Yes. China is very exciting for us. We actually are in some initial conversations with quite a few potential partners on the franchising front the store is very exciting and the park is amazing. So we have - we feel very good about the decision that we have made particularly given that where we are working with the long term partner of our Disney. On the additional expansion front from an international perspective we have a great partner in Germany KFG they are best in class retailer and children clothing manufacture we are working with them to expand into other European countries from - that's a big potential for us to take a known partner and start to move into new countries as we mentioned on the call sometime ago, we have already expanded their right into Australia and Switzerland we should be opening in Switzerland soon.

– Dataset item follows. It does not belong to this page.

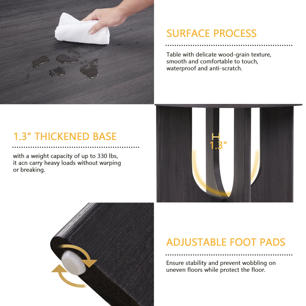 • Exceptional Stability: The tabletop is made from two substantial pieces of high-quality medium-density fibreboard, seamlessly constructed together. Reinforced joints with flat supports eliminate gaps and wobbling, ensuring a smooth, worry-free dining experience. The sturdy wooden base has an anti-slip design and adjustable feet that adapt effortlessly to uneven surfaces, ensuring the table remains firmly anchored.
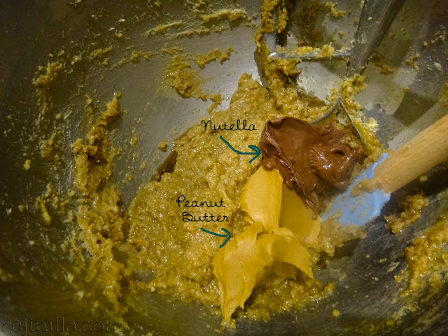 Las galletas empiezan como todas las otras: mantequilla acremada con mezcla de azúcar. En el paso número dos todo cambia, ademas de huevos y vainilla van Nutella y peanut butter.

We have also started to take another one of our important franchise, for example, our Australian franchise and we just expanded the rights in New Zealand and so that's kind of our first goal is to take known entities partners that are working well with us and help them build into new countries and then we are looking at the next year of opportunistic expansion in countries that there are large countries that we don't have a presence in that are stable but I would rather not mention that specifically right now as we are not in any sort of contract.

Mark Rosenkranz

Analyst

Okay. Great. Thanks for taking my questions.

Operator

Operator

Ladies and gentlemen we have reached the end of the question-and-answer session. And I would like to turn the call back to Sharon Price for closing remarks.

Sharon Price John

Analyst

Thanks for joining us guys and we really appreciate your time this morning and we look forward to speaking with you when we report third quarter results.

Operator

Operator

This concludes today's conference. Thank you for participating. You may now disconnect your line.